Pubblicato: 21 maggio 2013 da amnerisdicesare in scrivere

UnLibroPerTeUnLibroPerTutti_volCameloZampa nasce dalla fusione di due Case Editrici: Camelopardus di Sara Saorin e Zampanera di Francesca Segato. Un incontro speciale che ha dato vita a una coalizione forte e di successo. In breve la storia delle due case editrici prima della fusione e come è avvenuto questo sodalizio:

 “Camelopardus è il nome latino della costellazione della giraffa. Io l’ho associato all’animale in carne e ossa perché mi ha sempre fatto ridere un sacco immaginare questi antichi romani (alla maniera di quelli di Asterix) quando, arrivati in Africa, si sono trovati davanti questo animale sconosciuto:

— Ahò, come lo chiamamo? Ha le zampe e il muso da cammello, le macchie da leopardo, che sarà?
— Ma sì, famo ‘na via de mezzo: camelopardus!
L’abbiamo scelto anche perchè la giraffa è l’animale che meglio ci rappresenta: “ha la testa tra le nuvole e i piedi per terra. Proprio come noi.”
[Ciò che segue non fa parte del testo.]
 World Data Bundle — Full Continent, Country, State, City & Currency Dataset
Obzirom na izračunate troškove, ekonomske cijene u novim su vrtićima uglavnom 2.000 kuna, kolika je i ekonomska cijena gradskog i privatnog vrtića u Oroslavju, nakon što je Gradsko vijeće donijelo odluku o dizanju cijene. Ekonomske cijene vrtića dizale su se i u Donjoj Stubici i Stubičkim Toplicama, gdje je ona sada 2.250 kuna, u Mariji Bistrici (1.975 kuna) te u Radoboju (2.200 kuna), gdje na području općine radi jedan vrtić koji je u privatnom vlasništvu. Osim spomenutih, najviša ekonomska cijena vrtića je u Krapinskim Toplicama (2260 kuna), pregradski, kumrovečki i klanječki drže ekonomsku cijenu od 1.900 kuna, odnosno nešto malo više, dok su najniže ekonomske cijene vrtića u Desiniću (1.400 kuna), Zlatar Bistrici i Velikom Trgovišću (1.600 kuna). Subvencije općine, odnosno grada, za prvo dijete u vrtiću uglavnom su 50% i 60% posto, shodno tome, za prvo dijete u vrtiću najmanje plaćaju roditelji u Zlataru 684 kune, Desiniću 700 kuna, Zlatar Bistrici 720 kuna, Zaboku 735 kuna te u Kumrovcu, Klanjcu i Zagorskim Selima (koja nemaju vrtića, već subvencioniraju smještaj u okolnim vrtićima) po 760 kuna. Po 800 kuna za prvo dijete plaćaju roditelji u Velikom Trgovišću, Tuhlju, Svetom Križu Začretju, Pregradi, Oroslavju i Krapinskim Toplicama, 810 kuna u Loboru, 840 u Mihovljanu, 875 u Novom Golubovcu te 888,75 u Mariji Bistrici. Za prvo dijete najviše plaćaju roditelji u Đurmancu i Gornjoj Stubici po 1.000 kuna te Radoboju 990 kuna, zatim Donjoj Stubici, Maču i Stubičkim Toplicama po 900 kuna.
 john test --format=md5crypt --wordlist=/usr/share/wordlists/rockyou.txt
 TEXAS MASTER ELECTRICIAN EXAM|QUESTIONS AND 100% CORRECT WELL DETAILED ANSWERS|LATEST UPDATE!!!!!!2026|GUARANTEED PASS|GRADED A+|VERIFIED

Così ci raccontava Sara Saorin nella prima intervista che Fiae fece a Camelopardus nel 2008 e che potete leggere integralmente qui: https://fiaeforum.wordpress.com/interviste/

Zampanera Editore nasce a fine 2007, dalla passione per i libri per bambini, su iniziativa mia e di alcuni amici. Dopo aver fatto letture e laboratori nelle scuole, allestito mostre con i nostri testi e le illustrazioni di Manuela Paoletti… l’idea di aprire una casa editrice è stato il naturale prolungamento, per provare a fare un lavoro delle nostre passioni. Abbiamo deciso da subito di dedicarci solo ai libri per bambini, con una collana di albi illustrati e una di narrativa, pubblicando lavori nostri e di altri giovani autori e illustratori italiani, spesso alla prima pubblicazione (a cui in molti casi ne sono seguite altre per importanti case editrici italiane e straniere…).
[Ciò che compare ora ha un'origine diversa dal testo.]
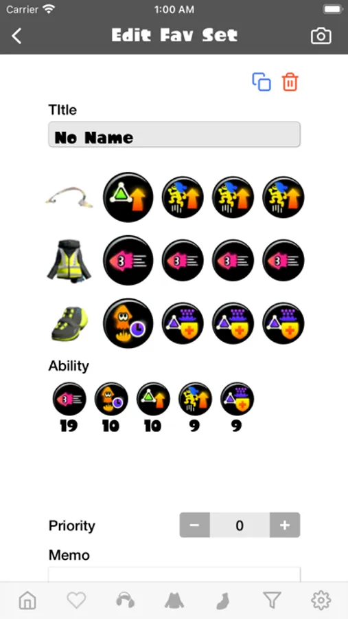 You can register gear combinations as favorites. Since you can search from the list of favorites by title and memo at the time of registration, let's make your own database such as what kind of weapon and stage fit it.
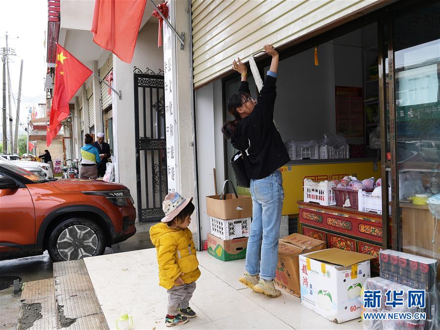 格桑旺姆推開(kāi)蔬菜店的卷閘門(mén)準(zhǔn)備營(yíng)業(yè)(8月3日攝)。新華社記者 李賀 攝
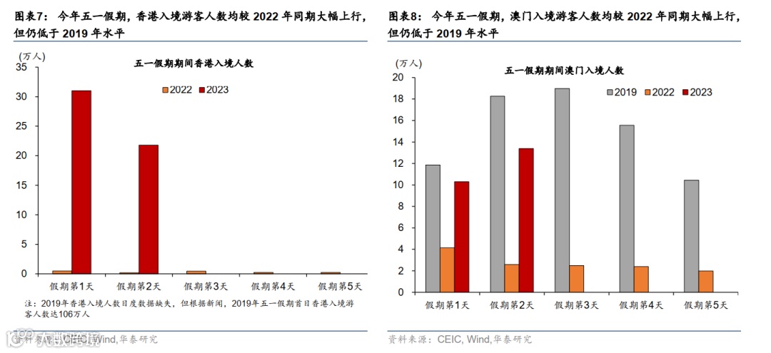香港、澳门入境游客人数同比大幅上行。2023年五一假期首日香港入境游客人数达31万人次(同比增长630%),而香港入境事务处4月26日预计,今年五一假期(即4月29日至5月4日)约有461万人次(包括香港居民及访客)进出香港,对比2019年五一期间(4月30日至5月5日)约668万人次回落约31%(图表7-8)。2023年五一假期前两天,香港和澳门的入境人数分别累计达69万人次和23.69万人次,同比2022年增长1014%和252%。
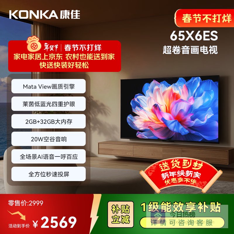 【京东自营】康佳电视65X6ES65英寸2+32GB4K超清全面屏一级能效智能液晶平板游戏电视机会议¥
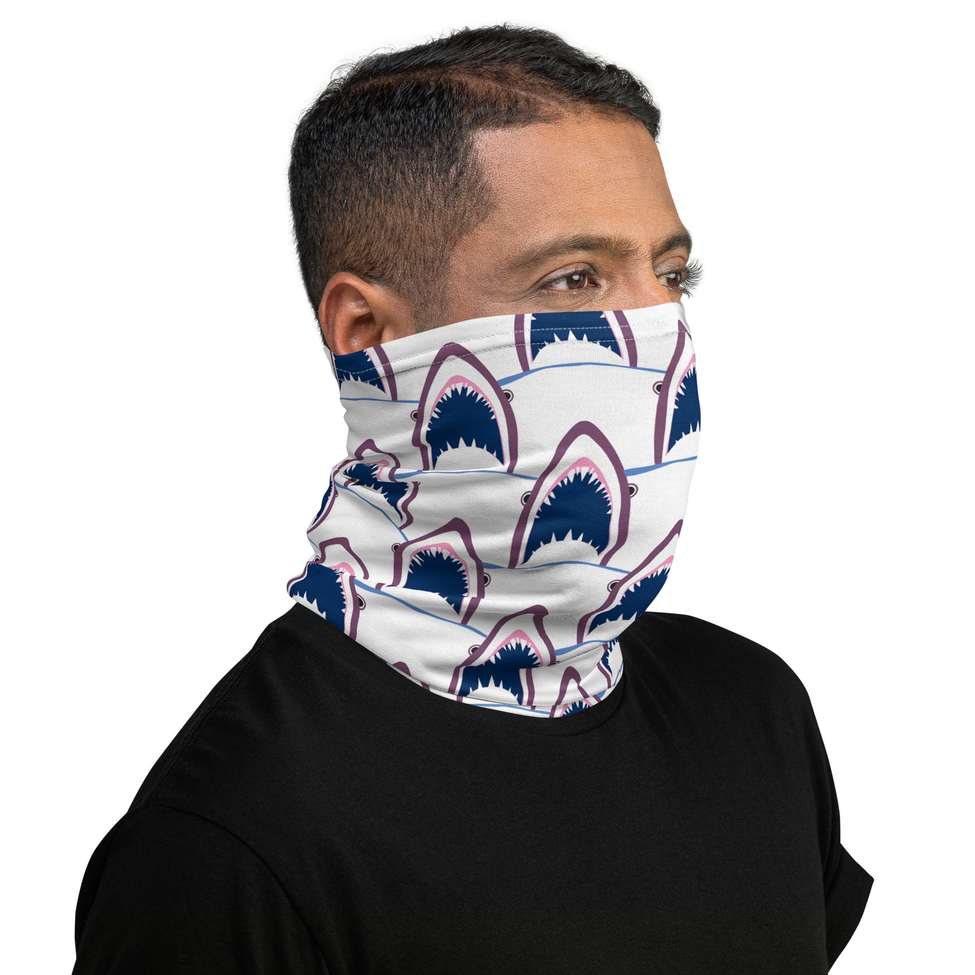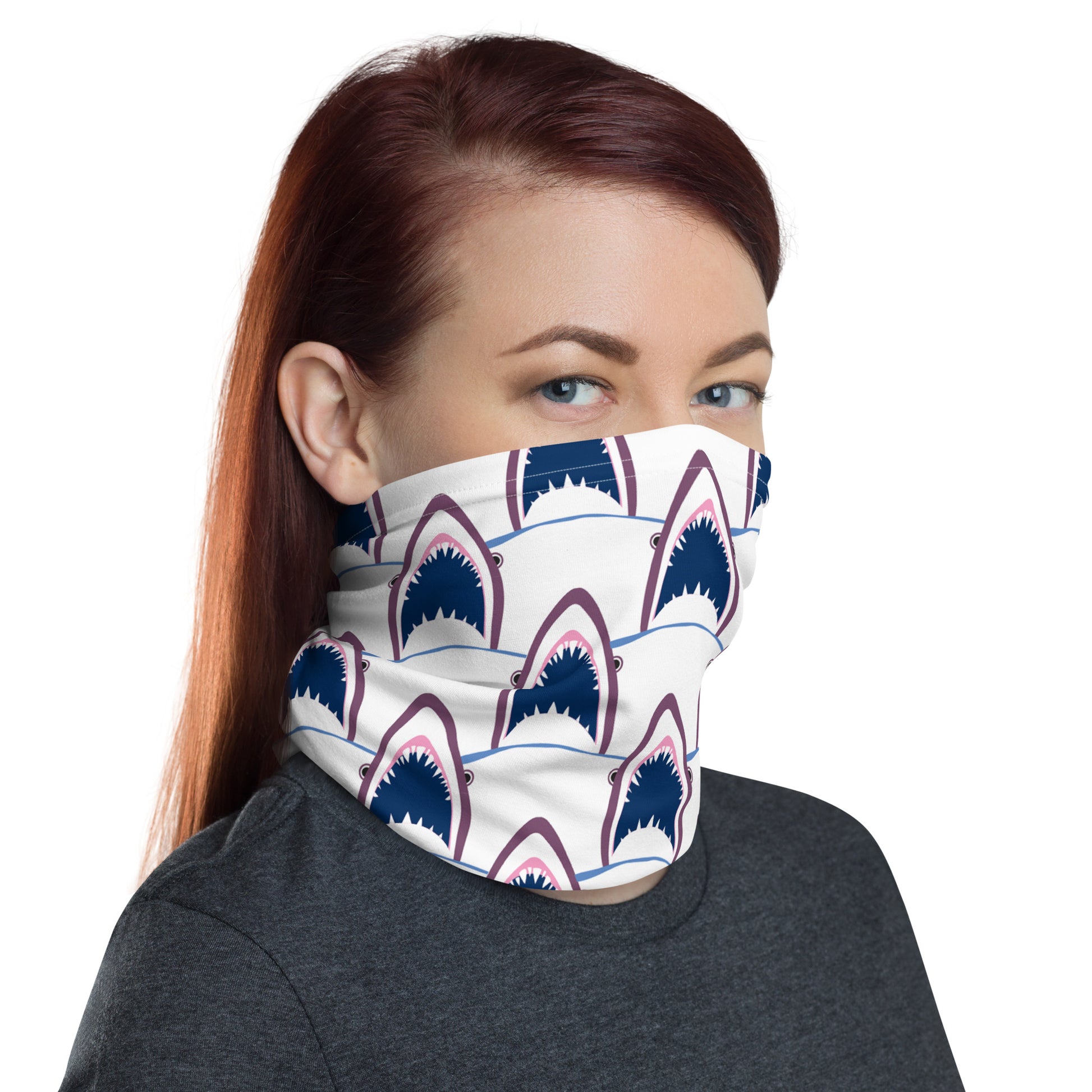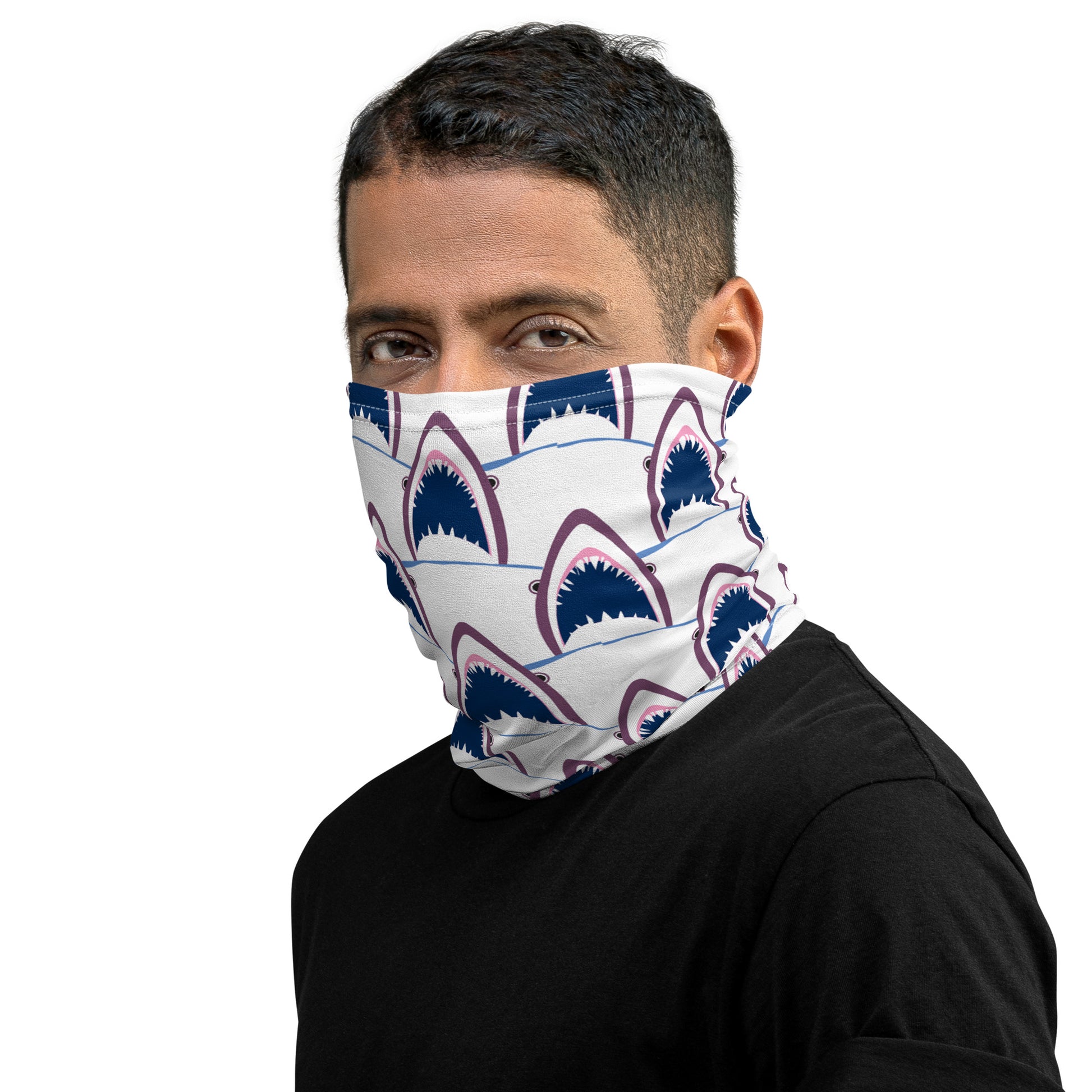 White Shark Neck Gaiter 🦈  This neck gaiter is a versatile accessory that can be used as a face covering, headband, bandana, wristband, and neck warmer after coming back from a diving session . Upgrade your accessory game and find a matching face shield for each of your outfits.👌🤿

Un salto di qualità pensiamo di averlo fatto con la nascita di Camelozampa. Io (Francesca) ho conosciuto Sara verso il 2008: entrambe, a pochi chilometri e pochi mesi di distanza, avevamo aperto una casa editrice indipendente. Ci siamo conosciute grazie al figlio più grande di Sara: io ero andata nella sua classe a fare una lettura animata, lui poi ha trascinato la mamma a una presentazione in libreria… Eravamo compatibili per filosofia e modo di operare, pur facendo libri diversi. La collaborazione si è fatta via via più stretta, dalla semplice condivisione di informazioni e banchetti alle fiere fino ad arrivare alla fusione vera e propria. Con la nascita di Camelozampa abbiamo anche avviato nuovi progetti  e nuove collane, riscoprendo autori mai arrivati al pubblico italiano o perle finite fuori catalogo.

Indicazioni per l’invio dei testi.

Per email all’inidirizzo info@camelozampa.com

Fare gli editori oggi è una grossa sfida: come mai avete deciso di intraprendere questa strada?

Crediamo profondamente in quello che facciamo e ci innamoriamo di ogni progetto-libro che portiamo avanti. Per questo abbiamo iniziato questo lavoro e per questa passione non intendiamo gettare la spugna…

Quali sono le difficoltà più frequenti in cui vi imbattete quotidianamente?

Sicuramente la crisi economica, che ha aggravato una situazione già molto critica per la piccola editoria (già prima della crisi alle prese con la difficoltà di raggiungere tutte le librerie, anche se si ha una distribuzione nazionale).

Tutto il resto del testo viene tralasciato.